Many thanks to JonathanCheyer, CraigLatta, and KaliyaHamlin for coming to the HyperScope sprint this past weekend, and special thanks to ChristinaEngelbart for hosting. Also thanks to ThomCherryhomes and others who hung out with us on IRC. The notes from the day are up on the Wiki, and I put up some pictures as well.    (MEL)

http://farm2.static.flickr.com/1134/681861752_857ef74d28_m.jpg    (MEM)

The big news, though, is that Brad, Jonathan, and I wrote a cool hack called purple-include, based on MarkNottingham's most excellent hinclude. It lets you transclude granular chunks of content from any web site by using an img-like tag. Check out the examples. I think this will go a long way in making TransClusions more common on the Web.    (MEN)

You address granular content either by using a fragment identifier that the document author provides (such as a PurpleNumber) or by using an XPath expression. Thanks to TonyChang for his cool interactive XPath tester.    (MEO)

The planned next step is to create a Firefox plugin that adds a "Transclude" option when you right click inside of a browser text widget. This will allow you to transclude copied content, rather than paste it.

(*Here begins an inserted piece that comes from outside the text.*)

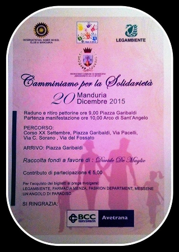 Domenica 20 dicembre p.v. si potrà partecipare a una manifestazione di solidarietà, non solo finalizzata a raccolta fondi per un nostro amico Davide De Maglie, ma anche per socializzare, per guardarsi, per sorridere, per stringersi la mano, anche per dire “…..anche tu qui ……….." Un giorno all’insegna della unione della semplicità e della concretezza. La racconta di fondi per Davide deve essere lo sprono per conoscerci, io so bene cosa significa stare in coma, so bene cosa significa per un genitore vedere immobile su un letto il proprio figlio e sentirsi impotenti. Domenica scendiamo in piazza tutti insieme alle 09,00 in Piazza Garibaldi, portiamo anche il nostro amato cane, diamo il nostro piccolo contributo di 5 euro per Davide, perché Davide possa ritornare a vivere a essere lo stupendo ragazzo che è sempre stato e che ritornerà a essere, ma ricordiamoci che questo dipende anche da noi, solo 5 euri, per riaccendere la speranza e la vita di una ragazzo meraviglioso come Davide.
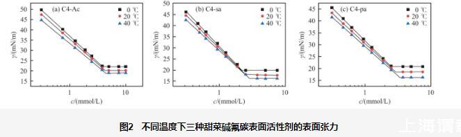 總體而言,溫度對(duì)甜菜堿氟碳表面活性劑的cmc影響較小。此外,在0~40℃的溫度范圍內(nèi),對(duì)比三種表面活性劑的表面活性參數(shù)可知,cmc值均小于4.45 mmol/L,γcmc均小于22.19 mN/m。親水端官能團(tuán)的不同對(duì)表面活性劑的性能具有一定的影響,當(dāng)溶液濃度足夠大時(shí),C4-Ac的表面張力相對(duì)較高,C4-sa和C4-pa具有較低的表面張力,后者略高于前者,并且C4-sa和C4-pa的cmc值低于C4-Ac。因?yàn)閺姆肿咏Y(jié)構(gòu)上來(lái)看,C4-Ac比C4-sa和C4-pa少一個(gè)有效碳,因此前者的疏水性要略弱于后二者,可以解釋表面張力和cmc的相對(duì)大小。

Don't know whether any of us will get to this soon, so we encourage the lazy web and all you Firefox hackers to beat us to the punch.    (MEP)

This was my first non-trivial foray into JavaScript, and I was disturbed by what I saw. The language itself is not horrible, although its object system makes Perl 5 look like SmallTalk. What's shameful is its API support. We had to use a very ugly, although apparently common hack to get a DOM of external web pages. This is pure silliness. The browser is already doing the hard work of parsing broken HTML and XML and turning it into a DOM. Why not easily expose that functionality to the developer?    (MEQ)

As Brad dryly noted, "Welcome to my world."    (MER)

/tech/purple | Posted at 11:36pm

Tue, Apr 03, 2007

Spreadsheets 2.0 and Transclusions    #

A few weeks ago, I had dinner with my old HyperScope buddies, BradNeuberg and JonathanCheyer. We talked a bit about this Office 2.0 madness, and how a lot of these Web-based applications were disappointly uninteresting. Don't get me wrong. There's a lot of really nifty hacking going on behind the scenes to make this all work. But in the end, all you have is a Web-based office application. Most of these applications do little to take advantage of the network paradigm.    (M2P)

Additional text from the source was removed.